### DIRECTIONS
Please copy each line in the records below that contains the string "project".

================

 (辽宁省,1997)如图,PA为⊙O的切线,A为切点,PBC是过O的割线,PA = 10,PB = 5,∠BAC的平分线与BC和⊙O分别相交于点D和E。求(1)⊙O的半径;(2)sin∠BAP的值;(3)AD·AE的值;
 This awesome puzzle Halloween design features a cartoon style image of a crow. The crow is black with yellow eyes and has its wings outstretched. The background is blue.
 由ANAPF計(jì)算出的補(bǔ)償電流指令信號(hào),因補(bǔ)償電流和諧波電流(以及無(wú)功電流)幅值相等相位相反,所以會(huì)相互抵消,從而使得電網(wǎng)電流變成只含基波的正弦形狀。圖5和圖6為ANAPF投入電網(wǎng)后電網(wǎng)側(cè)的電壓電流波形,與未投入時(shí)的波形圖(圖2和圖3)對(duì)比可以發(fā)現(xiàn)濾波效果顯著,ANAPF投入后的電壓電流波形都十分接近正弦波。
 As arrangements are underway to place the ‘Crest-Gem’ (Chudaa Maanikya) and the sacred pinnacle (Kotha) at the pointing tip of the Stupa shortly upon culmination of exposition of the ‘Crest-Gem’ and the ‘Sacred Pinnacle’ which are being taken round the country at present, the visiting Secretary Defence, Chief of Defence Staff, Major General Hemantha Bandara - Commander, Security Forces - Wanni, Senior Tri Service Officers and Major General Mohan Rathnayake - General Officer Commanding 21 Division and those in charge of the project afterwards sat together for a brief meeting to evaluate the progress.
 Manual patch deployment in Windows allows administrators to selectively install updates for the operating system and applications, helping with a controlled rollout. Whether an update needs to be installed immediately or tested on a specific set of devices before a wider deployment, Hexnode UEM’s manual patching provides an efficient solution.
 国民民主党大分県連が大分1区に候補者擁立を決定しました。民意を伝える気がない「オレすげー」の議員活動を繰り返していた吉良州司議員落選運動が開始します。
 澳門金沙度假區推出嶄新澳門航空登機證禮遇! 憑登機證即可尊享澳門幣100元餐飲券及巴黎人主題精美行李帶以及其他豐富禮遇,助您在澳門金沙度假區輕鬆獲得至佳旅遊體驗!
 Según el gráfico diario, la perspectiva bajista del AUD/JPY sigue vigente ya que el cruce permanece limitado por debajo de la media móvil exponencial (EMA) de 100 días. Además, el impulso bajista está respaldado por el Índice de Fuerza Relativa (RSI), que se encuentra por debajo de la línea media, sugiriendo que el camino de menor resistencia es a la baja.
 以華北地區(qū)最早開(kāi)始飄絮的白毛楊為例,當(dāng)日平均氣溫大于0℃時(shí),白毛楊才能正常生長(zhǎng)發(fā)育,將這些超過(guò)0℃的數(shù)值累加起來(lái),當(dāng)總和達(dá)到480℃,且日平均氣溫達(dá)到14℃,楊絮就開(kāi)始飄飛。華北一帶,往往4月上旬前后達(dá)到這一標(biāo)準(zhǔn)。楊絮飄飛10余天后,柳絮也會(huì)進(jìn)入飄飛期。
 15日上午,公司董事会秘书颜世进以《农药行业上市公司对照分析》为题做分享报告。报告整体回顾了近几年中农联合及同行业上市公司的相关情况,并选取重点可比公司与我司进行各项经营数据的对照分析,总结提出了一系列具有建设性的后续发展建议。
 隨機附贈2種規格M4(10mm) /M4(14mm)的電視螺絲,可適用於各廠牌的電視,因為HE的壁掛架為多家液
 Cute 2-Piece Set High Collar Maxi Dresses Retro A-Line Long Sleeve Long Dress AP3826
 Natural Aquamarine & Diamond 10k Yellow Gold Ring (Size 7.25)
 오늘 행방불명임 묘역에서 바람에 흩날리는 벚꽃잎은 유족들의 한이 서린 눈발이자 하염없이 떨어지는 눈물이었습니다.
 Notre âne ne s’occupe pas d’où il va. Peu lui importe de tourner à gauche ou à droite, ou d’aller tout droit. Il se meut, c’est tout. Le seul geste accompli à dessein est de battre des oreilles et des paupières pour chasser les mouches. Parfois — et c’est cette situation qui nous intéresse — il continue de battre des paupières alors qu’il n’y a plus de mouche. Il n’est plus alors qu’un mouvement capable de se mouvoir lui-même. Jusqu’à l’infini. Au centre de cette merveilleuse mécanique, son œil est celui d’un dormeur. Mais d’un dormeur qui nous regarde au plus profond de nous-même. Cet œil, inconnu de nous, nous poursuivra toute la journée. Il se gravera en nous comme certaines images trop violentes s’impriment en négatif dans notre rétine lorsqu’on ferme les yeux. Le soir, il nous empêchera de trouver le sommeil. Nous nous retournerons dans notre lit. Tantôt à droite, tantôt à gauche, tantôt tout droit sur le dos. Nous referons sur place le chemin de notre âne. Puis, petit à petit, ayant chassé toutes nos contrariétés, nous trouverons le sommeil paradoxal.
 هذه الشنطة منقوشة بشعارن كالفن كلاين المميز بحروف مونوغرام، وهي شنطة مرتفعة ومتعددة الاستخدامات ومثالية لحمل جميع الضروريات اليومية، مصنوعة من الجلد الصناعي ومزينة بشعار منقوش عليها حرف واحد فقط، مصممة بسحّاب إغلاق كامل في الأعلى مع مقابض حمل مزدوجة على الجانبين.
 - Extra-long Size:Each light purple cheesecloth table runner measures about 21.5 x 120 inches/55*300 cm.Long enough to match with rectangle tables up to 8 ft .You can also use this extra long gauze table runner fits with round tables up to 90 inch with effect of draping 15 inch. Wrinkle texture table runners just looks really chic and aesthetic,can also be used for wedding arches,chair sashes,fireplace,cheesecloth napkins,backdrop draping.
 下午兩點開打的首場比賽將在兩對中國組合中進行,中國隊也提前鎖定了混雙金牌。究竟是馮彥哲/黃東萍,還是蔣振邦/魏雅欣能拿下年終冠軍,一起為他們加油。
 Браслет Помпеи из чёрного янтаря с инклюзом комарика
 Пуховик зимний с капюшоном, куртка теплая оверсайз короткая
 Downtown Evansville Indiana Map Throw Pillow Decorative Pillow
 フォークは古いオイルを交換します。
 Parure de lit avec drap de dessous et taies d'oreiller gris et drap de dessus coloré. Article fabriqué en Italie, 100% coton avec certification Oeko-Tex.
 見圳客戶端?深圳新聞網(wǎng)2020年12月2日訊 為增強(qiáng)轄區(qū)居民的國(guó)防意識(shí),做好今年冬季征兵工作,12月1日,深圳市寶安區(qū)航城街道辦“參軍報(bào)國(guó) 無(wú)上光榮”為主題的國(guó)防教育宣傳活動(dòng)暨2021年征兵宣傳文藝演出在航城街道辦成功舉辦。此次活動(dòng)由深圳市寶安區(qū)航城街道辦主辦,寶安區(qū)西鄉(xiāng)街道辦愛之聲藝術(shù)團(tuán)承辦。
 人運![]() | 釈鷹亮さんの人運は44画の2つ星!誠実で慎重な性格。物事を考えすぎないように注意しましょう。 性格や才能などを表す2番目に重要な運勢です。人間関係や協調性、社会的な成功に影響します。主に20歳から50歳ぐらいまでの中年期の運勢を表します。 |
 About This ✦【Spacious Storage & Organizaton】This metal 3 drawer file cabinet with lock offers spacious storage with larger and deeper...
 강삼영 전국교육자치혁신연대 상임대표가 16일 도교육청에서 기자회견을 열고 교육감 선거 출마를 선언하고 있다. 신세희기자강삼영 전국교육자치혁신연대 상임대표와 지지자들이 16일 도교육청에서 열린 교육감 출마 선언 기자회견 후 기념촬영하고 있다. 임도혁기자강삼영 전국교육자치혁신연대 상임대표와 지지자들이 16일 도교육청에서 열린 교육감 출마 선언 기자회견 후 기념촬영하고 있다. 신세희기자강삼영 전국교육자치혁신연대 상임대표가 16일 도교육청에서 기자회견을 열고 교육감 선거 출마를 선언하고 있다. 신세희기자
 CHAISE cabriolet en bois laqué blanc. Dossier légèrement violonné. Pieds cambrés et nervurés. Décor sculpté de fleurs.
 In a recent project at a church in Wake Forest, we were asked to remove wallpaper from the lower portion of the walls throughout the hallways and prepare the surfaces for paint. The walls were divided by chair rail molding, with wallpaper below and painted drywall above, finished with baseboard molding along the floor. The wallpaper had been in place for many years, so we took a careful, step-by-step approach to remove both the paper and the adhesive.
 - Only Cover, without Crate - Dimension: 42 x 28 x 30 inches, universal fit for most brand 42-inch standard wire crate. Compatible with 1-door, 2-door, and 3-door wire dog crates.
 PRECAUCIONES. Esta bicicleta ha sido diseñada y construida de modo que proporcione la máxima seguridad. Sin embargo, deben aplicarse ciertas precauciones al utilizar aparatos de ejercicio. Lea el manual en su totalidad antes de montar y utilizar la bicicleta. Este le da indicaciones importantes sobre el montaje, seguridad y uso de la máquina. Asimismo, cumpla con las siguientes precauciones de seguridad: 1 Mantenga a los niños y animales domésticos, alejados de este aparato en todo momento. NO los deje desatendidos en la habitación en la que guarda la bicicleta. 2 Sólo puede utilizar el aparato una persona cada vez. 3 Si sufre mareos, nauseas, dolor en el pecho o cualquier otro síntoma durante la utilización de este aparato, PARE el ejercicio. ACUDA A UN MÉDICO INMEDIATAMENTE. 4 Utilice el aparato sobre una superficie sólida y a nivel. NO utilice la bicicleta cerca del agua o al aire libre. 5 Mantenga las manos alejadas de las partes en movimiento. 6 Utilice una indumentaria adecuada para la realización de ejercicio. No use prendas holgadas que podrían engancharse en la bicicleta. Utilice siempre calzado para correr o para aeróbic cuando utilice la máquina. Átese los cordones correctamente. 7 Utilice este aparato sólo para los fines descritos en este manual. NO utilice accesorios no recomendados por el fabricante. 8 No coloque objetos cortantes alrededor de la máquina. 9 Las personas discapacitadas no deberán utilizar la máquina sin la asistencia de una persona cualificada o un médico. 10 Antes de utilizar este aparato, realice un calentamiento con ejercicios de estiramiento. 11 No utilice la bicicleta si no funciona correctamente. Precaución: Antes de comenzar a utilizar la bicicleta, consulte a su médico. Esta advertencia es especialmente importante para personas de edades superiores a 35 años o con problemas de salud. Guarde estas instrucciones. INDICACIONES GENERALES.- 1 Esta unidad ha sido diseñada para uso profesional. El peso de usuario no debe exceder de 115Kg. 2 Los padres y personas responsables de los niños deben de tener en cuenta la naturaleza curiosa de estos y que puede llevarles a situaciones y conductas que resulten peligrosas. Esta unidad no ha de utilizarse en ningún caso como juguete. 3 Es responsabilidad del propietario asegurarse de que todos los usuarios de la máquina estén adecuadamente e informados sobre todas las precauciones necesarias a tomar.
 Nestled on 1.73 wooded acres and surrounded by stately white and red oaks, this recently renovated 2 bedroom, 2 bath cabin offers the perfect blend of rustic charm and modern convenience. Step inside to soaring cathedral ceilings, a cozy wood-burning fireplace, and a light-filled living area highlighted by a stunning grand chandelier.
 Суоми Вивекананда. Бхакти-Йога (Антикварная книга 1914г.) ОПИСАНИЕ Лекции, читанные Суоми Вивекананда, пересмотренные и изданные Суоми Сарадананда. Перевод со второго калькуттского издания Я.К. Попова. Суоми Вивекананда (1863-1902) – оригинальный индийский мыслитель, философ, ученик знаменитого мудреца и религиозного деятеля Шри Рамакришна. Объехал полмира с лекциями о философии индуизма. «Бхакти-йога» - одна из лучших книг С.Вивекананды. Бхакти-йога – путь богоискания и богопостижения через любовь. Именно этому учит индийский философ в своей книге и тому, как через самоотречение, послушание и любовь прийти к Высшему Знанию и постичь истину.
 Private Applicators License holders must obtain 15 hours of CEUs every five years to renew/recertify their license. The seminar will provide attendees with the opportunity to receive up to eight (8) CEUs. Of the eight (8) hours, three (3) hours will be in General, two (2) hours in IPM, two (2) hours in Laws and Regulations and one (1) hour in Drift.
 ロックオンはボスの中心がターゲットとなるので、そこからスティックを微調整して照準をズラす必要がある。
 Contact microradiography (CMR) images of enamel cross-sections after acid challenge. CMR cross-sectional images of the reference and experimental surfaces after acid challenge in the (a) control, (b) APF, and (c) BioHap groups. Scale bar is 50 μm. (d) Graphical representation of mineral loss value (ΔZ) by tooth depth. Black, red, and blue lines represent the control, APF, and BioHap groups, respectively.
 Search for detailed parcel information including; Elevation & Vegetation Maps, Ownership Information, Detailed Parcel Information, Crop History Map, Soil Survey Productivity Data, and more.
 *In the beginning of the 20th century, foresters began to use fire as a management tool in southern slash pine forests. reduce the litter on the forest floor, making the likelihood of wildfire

================

### ANSWER
 As arrangements are underway to place the ‘Crest-Gem’ (Chudaa Maanikya) and the sacred pinnacle (Kotha) at the pointing tip of the Stupa shortly upon culmination of exposition of the ‘Crest-Gem’ and the ‘Sacred Pinnacle’ which are being taken round the country at present, the visiting Secretary Defence, Chief of Defence Staff, Major General Hemantha Bandara - Commander, Security Forces - Wanni, Senior Tri Service Officers and Major General Mohan Rathnayake - General Officer Commanding 21 Division and those in charge of the project afterwards sat together for a brief meeting to evaluate the progress.
 In a recent project at a church in Wake Forest, we were asked to remove wallpaper from the lower portion of the walls throughout the hallways and prepare the surfaces for paint. The walls were divided by chair rail molding, with wallpaper below and painted drywall above, finished with baseboard molding along the floor. The wallpaper had been in place for many years, so we took a careful, step-by-step approach to remove both the paper and the adhesive.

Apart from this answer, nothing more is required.